A visit to a retired greyhound sanctuary was booked just to have a look.  Word to the wise.  You never visit an animal shelter for a look.  Sookie was the first and only greyhound we walked.  My husband, who had owned two rescue dogs previously and therefore an expert, decreed that she was the one.

Papers were signed, home visits conducted and in a couple of weeks we had a fully formed greyhound snoozing on our sofa.  They don’t really warn you, but it’s a life changer.  I can’t image what life was like before.  She is so much part of our lives now.  It would feel strange not to open a packet of cheese and not feel a nose by your elbow.

A programme that documents this love so well is Supervet.  The Supervet in question is Mr Neil Fitzpatrick. There is no alter ego or costume change. It is just Neil Fitzpatrick.  But he can do remarkable things.  He can make legs where there are none in a whole range of animals.  He screws, welds and hammers all manner of stuff together. He does all this in the wee small hours, after his surgery closes. It’s clear to see that it’s his passion.  His life is the animals in his care.  He lives and breathes them.  It’s hard to say if he gets this passion from the animals or the owners.  Possibly a mixture of the two.

Before I had Sookie, I never watched Supervet.  I couldn’t see what the fuss was about.  A dog is a dog at the end of the day.  Since getting our hound, I watch now with enthusiasm and awe on what can be done.  It makes you think that if such possibilities are available to our best friend, what wonders are there for all of us.

Melissa had used her organisational skills to the max and had arranged an appointment for me with Dr B and Mr Q, a plastic surgeon.  My eye issue could now be sorted for once and for all.  The allotted day and hour rolled around.  Back in the lovely ENT waiting room and they were running late.  My appointment was at four and we were well into Flog It.  I wasn’t feeling optimistic.

At quarter to five, I was called through.  Dr B and I exchanged niceties, twiddling our thumbs for the man of the moment to make his appearance.  When he did arrive, it was a bit of a let-down.  He snuck in without much fanfare.

What I’ve noticed during my cancer “journey” is that most health care professionals match their job descriptions. GP’s are often quite “general” because they know a little bit about everything.  This means that they can be vague in certain scenarios.  Junior doctors are eager to please.  They don’t want to mess up.  They take detailed histories and agonise over any decision.  Registrars are smug.  They know it all.  What they don’t need are patients cluttering up their day.

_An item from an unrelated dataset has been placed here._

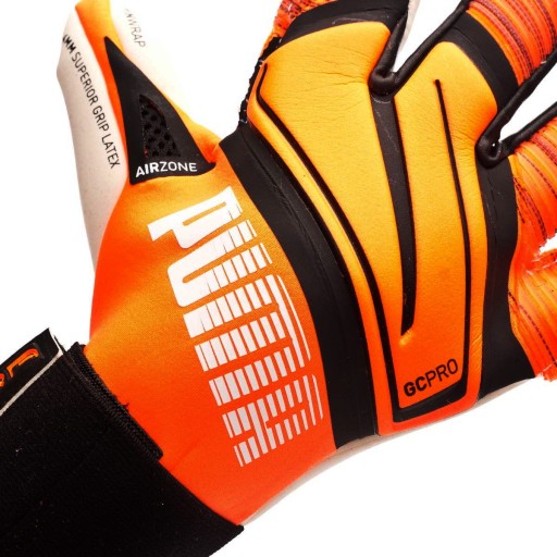 - Подвійна обплетення великого пальця та латексні вставки максимізують контакт латексу з м’ячем навіть зі скрученими пальцями

Consultants are a mixture of junior doctors and registrars, but in a milder form.  Nurses are the glue that hold everything together.  They are the warriors at the frontline implementing the various plans that are devised to make everything OK.  As for surgeons, they are clear and precise.  They are like the surgery that they perform.  They don’t sugar coat anything.  It’s a bit like talking to a scalpel, if that makes sense.

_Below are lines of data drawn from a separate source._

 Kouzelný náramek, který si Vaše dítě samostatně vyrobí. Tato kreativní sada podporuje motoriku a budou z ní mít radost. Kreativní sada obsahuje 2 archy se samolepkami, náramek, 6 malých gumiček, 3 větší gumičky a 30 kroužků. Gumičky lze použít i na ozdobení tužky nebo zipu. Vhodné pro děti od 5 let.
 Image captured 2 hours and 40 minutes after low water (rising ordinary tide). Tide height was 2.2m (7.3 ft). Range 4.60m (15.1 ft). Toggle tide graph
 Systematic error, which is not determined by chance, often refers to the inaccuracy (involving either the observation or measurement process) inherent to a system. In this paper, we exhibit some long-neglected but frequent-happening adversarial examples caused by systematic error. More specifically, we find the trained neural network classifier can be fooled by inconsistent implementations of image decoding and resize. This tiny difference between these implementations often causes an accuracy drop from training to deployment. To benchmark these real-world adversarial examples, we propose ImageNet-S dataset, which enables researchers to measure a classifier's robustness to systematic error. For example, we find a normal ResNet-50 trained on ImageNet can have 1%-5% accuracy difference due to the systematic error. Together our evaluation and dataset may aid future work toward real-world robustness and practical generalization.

Mr Q was no exception.  He was scanning my face and thinking of all manner of things.  I explained that I wanted the left side of my face hoiking up.

“Oh yes… we can definitely do some hoiking…”

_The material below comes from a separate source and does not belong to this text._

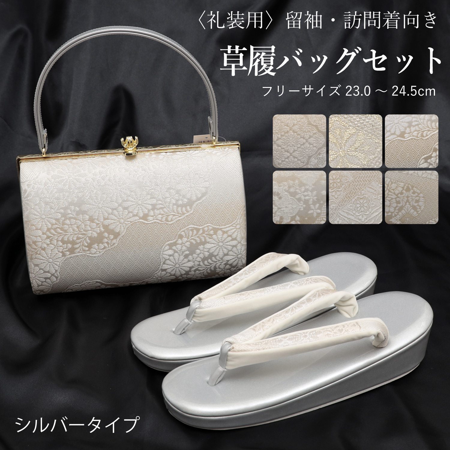 草履バッグセット 留袖 訪問着 フォーマル 草履 バッグ レディース 女性用 銀 シルバー フリーサイズ 痛くない

He outlined a whole range of possible procedures.  I wasn’t really listening.  They seemed to involve cuts on my smile line, cuts to the back of my head and at one point thigh muscles were mentioned.  When he finished, he took out his phone.

“OK.  I can see you in my clinic on 2nd May. Is that OK?”

I nodded feeling cock-a-hoop.  Who cared that the 2nd May was the Tuesday after the May Day Bank Holiday when I would have had to rush back from North Wales from celebrating my Auntie Claire’s 80th birthday?  Who cared that I also had a full day of teaching that day which would be a nightmare to cover, especially with exams in the offing? The man had a plan and that was all I cared about.